2025 Nobel Edebiyat Ödülü László Krasznahorkai’ye Verildiİsveç Akademisi, 2025 Nobel Edebiyat Ödülü’nü Macar yazar László Krasznahorkai’ye layık gördü. Akademi, ödülün gerekçesini “kıyametvari bir dehşetin ortasında bile sanatın gücünü yeniden teyit eden, etkileyici ve vizyoner bir külliyat” sözleriyle açıkladı.

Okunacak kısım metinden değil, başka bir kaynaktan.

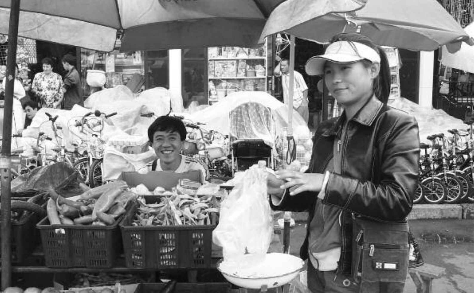
The Chinese market in Irkutsk, 2005: Chinese farmers selling vegetables they grew in Russia.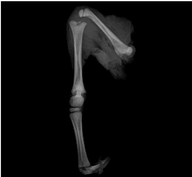
Fig. 6. Hind limb radiograph. Absence of growth plate in all bones is seen. The fusion of the calcaneus, talus and central tarsal bones are visible.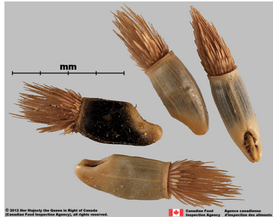
Centaurea cyanus achenes with pappus

Embryo: Embryo with well-developed cotyledons and a broad stalk having a truncate top, no endosperm.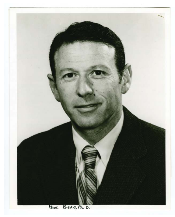
Figure 4. Photo of Paul Berg, National Library of Medicine, public doamin, http://profiles.nlm.nih.gov/CD/B/B/L/L/.

In 1975, the Asilomar Conference on Recombinant DNA, coorganized by Berg, took place in California where 140 scientists,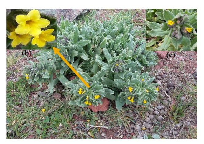
Fig. 2. The photos were taken from Mahmutlu Hill in May showing a- Natural habitat of Alkanna orientalis var. orientalis, b- Flowers c- Aboveground parts of the plant (Eskin, 2019)

Description of the sampling sites: A. orientalis var. orientalis was collected from wild flora in Aksaray province Turkey (Fig. 1). These species were acquired at 1380 m attitude in May (2019) during the flowering period (Fig. 2). The study area in Mahmutlu Hill is a tectonically very active region, and Hasan Mountain and Karataş volcanism are also located in the area. The soil of the area is alluvial and lime-free brown (Uygur & Erkul, 2015). pH of the study area is 8.10 and alkaline. However, the bioclimatic level of this location is semi-arid Mediterranean climate with very cold winters (Akman, 2011). The meteorological data for Aksaray during the period between 1929 and 2020 shows, that the mean annual temperature is 12.1°C. In addition, the annual average precipitation is 362.3 mm (Anon., 2021). It indicates that the evaporation is quite high in the region and effects the soil structure (Demir et al., 2021).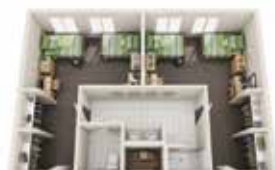
Martin Hall - Justice & Safety LLC Floorplan 2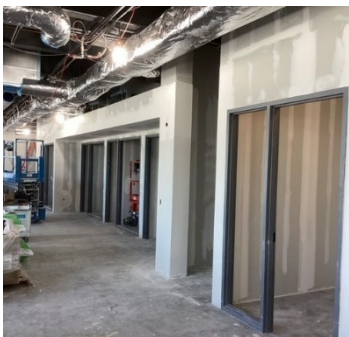
Area A – Level 1 offices

Area E—Guard Station pile driving is complete and underground utilities are being installed.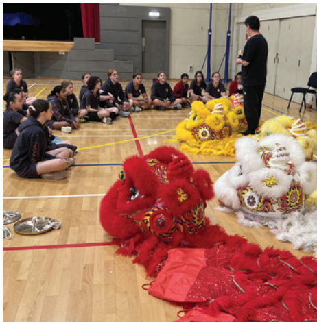
Chilton Saint James School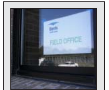
A project directory, listing the main contact for the project, as well as the primary contractors performing work in the OA schools during the capital project, is on Page 4. The field office for the project management company, Bovis Lend Lease, is currently located at Owego Free Academy.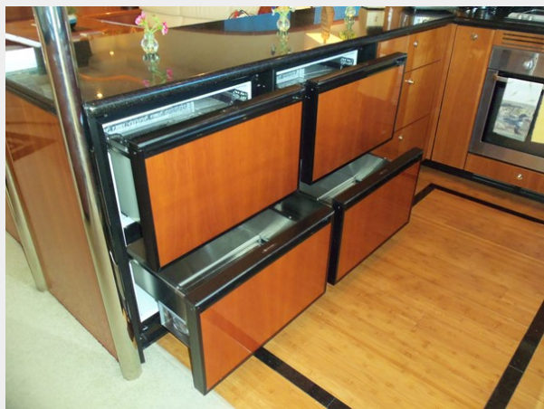
Galley Refrigerator Drawers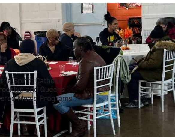
the Spirit Catholic Brooklyn and Queens Nourished Meals Programs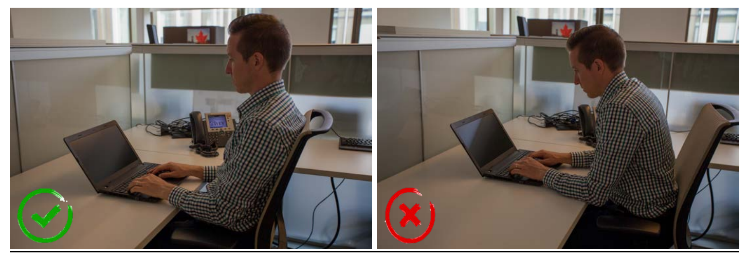
Figure 16 and 17. Laptop use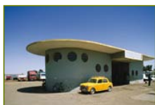
Shell Service Station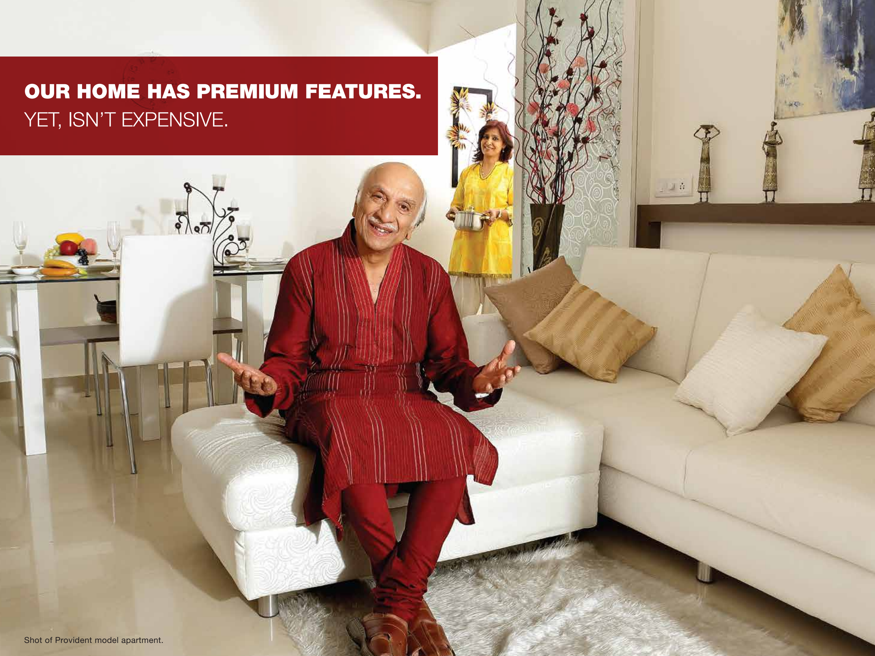
Shot of Provident model apartment.

OUR HOME HAS PREMIUM FEATURES. YET, ISN'T EXPENSIVE.

“Kıyametin Ustası” olarak Anılan Bir Yazar
1954 yılında Macaristan’ın Romanya sınırındaki Gyula kasabasında doğan Krasznahorkai, Budapeşte Üniversitesi’nde dil, edebiyat ve hukuk eğitimi aldı. Edebiyat sahnesine, 1985’te yayımlanan ilk romanı “Şeytan Tangosu” ile çıktı. Bu yapıt, hem Macar edebiyatının modern klasikleri arasına girdi hem de Béla Tarr’ın yönetmenliğinde çekilen yedi buçuk saatlik siyah beyaz filmiyle (1994) sinema tarihinde iz bıraktı.
Krasznahorkai, sonraki eserlerinde ülkesinin sınırlarını aşarak insanlığın varoluş sancılarını, yıkım ve kurtuluş arayışını anlattı. “Direnişin Melankolisi” (1993), “Savaş ve Savaş” (1999) ve “Seiobo Orada, Aşağıdaydı” (2008) yazarın uluslararası alanda en çok ses getiren yapıtları arasında yer alıyor.
Eserlerinde kıyamet metaforlarını, bireyin yalnızlığı ve dünyanın çöküşünü lirik bir dil ve yoğun bir anlatımla işleyen yazar, eleştirmenlerce “kıyametin ustası” olarak anılıyor. Ayrıca, “Karanlık Armoniler”, “Torino Atı” ve “Kárhozat” gibi filmlerin senaryosuna da imza atarak sinemayla güçlü bir bağ kurdu.
Uluslararası Başarılar
2015 yılında Man Booker Uluslararası Ödülü’nü kazanarak bu ödüle layık görülen ilk Macar yazar olan Krasznahorkai, son yıllarda edebiyat dünyasında en özgün anlatı evrenlerinden birini kuran isimlerden biri olarak kabul ediliyor.
Nobel’in Mirası
1896’da ölen İsveçli mucit Alfred Nobel’in vasiyetiyle 1901 yılından bu yana verilen Nobel Ödülleri, insanlığa katkı sağlayan kişi ve kurumları onurlandırıyor. Fizik, kimya, tıp, barış ve edebiyat dallarında verilen ödüllere 1969’da ekonomi dalı da eklendi.
Nobel Ödülleri, her yıl Nobel’in ölüm yıldönümü olan 10 Aralık’ta düzenlenen törenle sahiplerine takdim ediliyor.
Editör Notu
Krasznahorkai’nin dili, zamanın içinden akan bir nehir gibi ağır ama derin… Onun romanlarında dünya, sessizce çökerken bile insanın anlam arayışı sürer. Bu yılki Nobel kararı, sadece bir yazarın başarısını değil, edebiyatın hâlâ insanlığın vicdanı olabileceğini de hatırlatıyor.